Еще вздох, еще, удаляющиеся по паркету шаги. Митя, не открывая глаз, отирал со лба холодный пот обеими руками. Яркий свет торжественно горел повсюду – иллюминация, красота, ночной безлюдный раут. Он вставал с дивана, шатаясь, шел на кухню, освещенный ярким светом. За рамами он нашел бабочку, не уснувшую на зиму. Она медленно ползала по стеклу. Он вынул бабочку из-за рамы, посадил ее на палец, заплакал над ней.
Это ОНА убила ее. Это ОНА ревновала его и убила ее. Это ОНА устроила кровавый спектакль в Венеции. КТО ОНА?!.. Она – Дьявол. Да, Дьявол. Она же тебе сама сказала. Разве ты не помнишь. Я ненавижу ее. Я уничтожу ее. Если я увижу ее еще раз, когда-нибудь… Ты увидишь ее еще раз. Хватит ли у тебя сил?!
Дьявола не так-то просто убить из огнестрельного оружья. Ты будешь наводить дуло, стрелять – а пули будут мазать мимо, будут всаживаться в кресла, в обивку стульев, в мебель, в стены, рикошетировать, плясать вокруг. Будут вмазываться в масло ее тела, а крови не вытечет, кровь не будет брызгать, пули будут тонуть в ней, как в море, а она будет смеяться, невредимая, живая, такая же веселая, гладкая, сытая, как и прежде. Она будет смеяться над тобой. Она пойдет на тебя с протянутыми руками, с загнутыми когтями, она вцепится тебе в горло, и песенка твоя будет спета. Что делать?! Пули не помогут. Револьвер – дерьмо. Надо сделать нож. Сделать, ха!.. Купить… Тебе что, слабо купить хороший, добротный, острый «золинген» баксов за триста… пять звездочек – как коньяк… Нет! Таким ножом ты ее не возьмешь. Надо выточить нож на наждаке – острый, с загнутым кверху концом – самому, и долго, долго вытачивать, точить, заострять лезвие, доводить его до нитки, до паутинки, как это делают бандиты, до безумной остроты, чтобы только взмахнуть – а воздух уже сам разрезал ее плоть, ее трепещущую, розовую отвратительную плоть… Да, он станет бандит. Он выточит такой нож. Собственноручно. Он убил людей – он убьет ее, Дьявола. Убить ее! Иначе она уничтожит всю Москву. Это она насылает на Москву взрывы. Это она затеяла войну в Чечне. Это она… на ней – кровь. И она выбрала его. Она выбрала его, чтобы проверить его. Сможет ли он. Не струсит ли. А он – струсил. Надо было там, в Венеции, в той дешевой каморке с кроватью, где лежала волчья шкура, выхватить у нее из руки револьвер и выстрелить ей прямо в голову, в лоб, как она выстрелила господину Канда и его другу-японцу, – а он не смог, струсил, таращился на нее, дрожа, как ребенок, как мальчишка, впервые глядящий дешевый триллер. Он ничего не смог. Сможет ли теперь?!

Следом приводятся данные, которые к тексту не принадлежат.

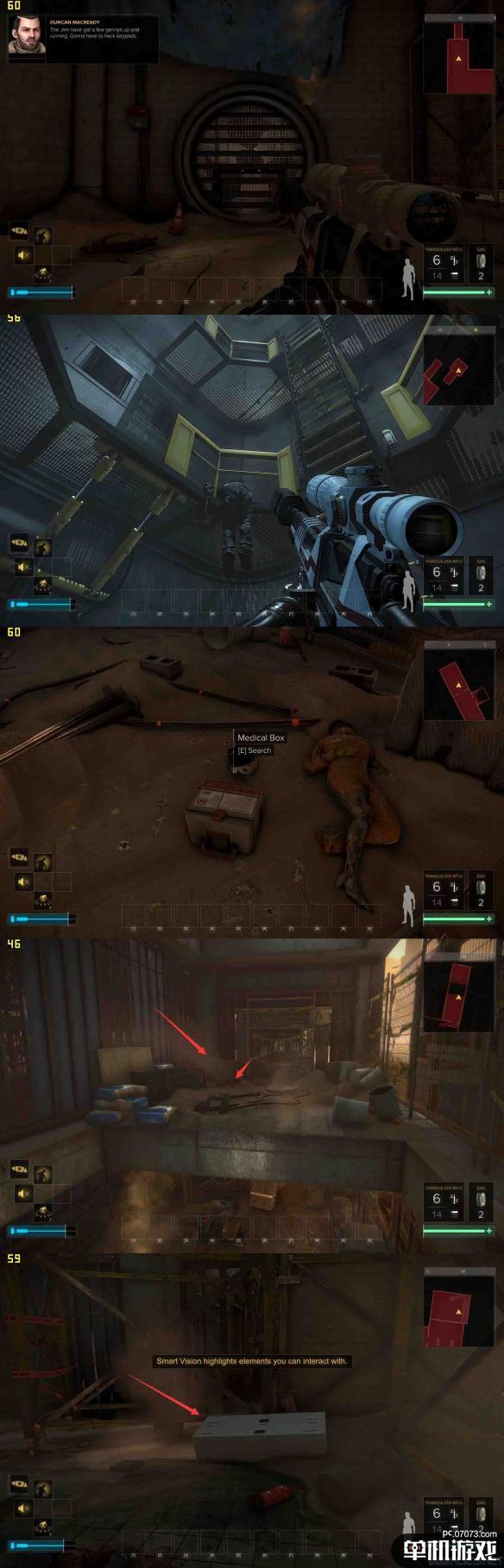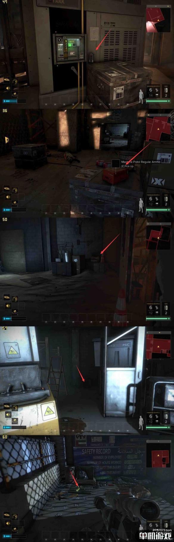 第三张长图第(5)张,是一个密道。这里进毒气之后,往左走一直走,地上会有大量的子弹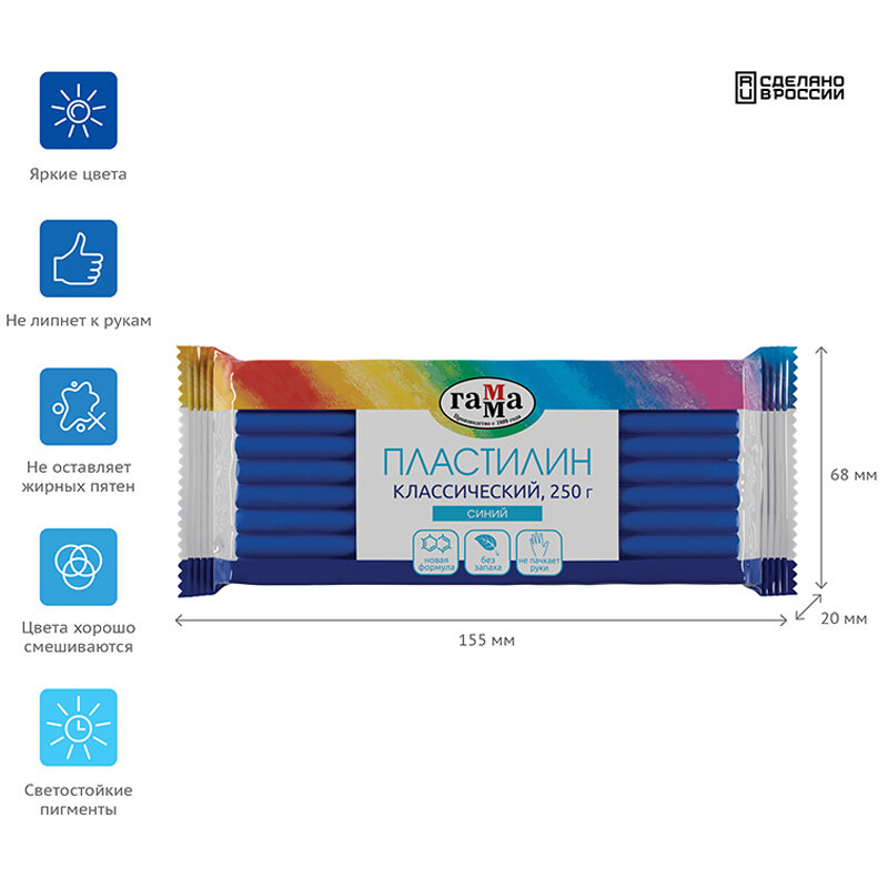 Пластилин Гамма "Классический", синий, 250г, 2шт информация:

Он забыл ее номер телефона. Он потерял его. Он не будет звонить ей. Она сама появится. Она же следит за ним. Она не упустит его. Он нужен ей. Купить наждак, стремительно вращающийся шершавый диск, спрятанный в металлическом кожухе, врубить на полную катушку в сеть, приставить стальную пластину – и точить, вытачивать нож. Он убьет ее. Он убьет ее!
Колени слабели. Подгибались. Руки наливались свинцовой, неподъемной тяжестью. Он не мог шевельнуться. Он не мог даже раздвинуть губы, чтобы улыбнуться, чтобы всласть похохотать, посмеяться над собой.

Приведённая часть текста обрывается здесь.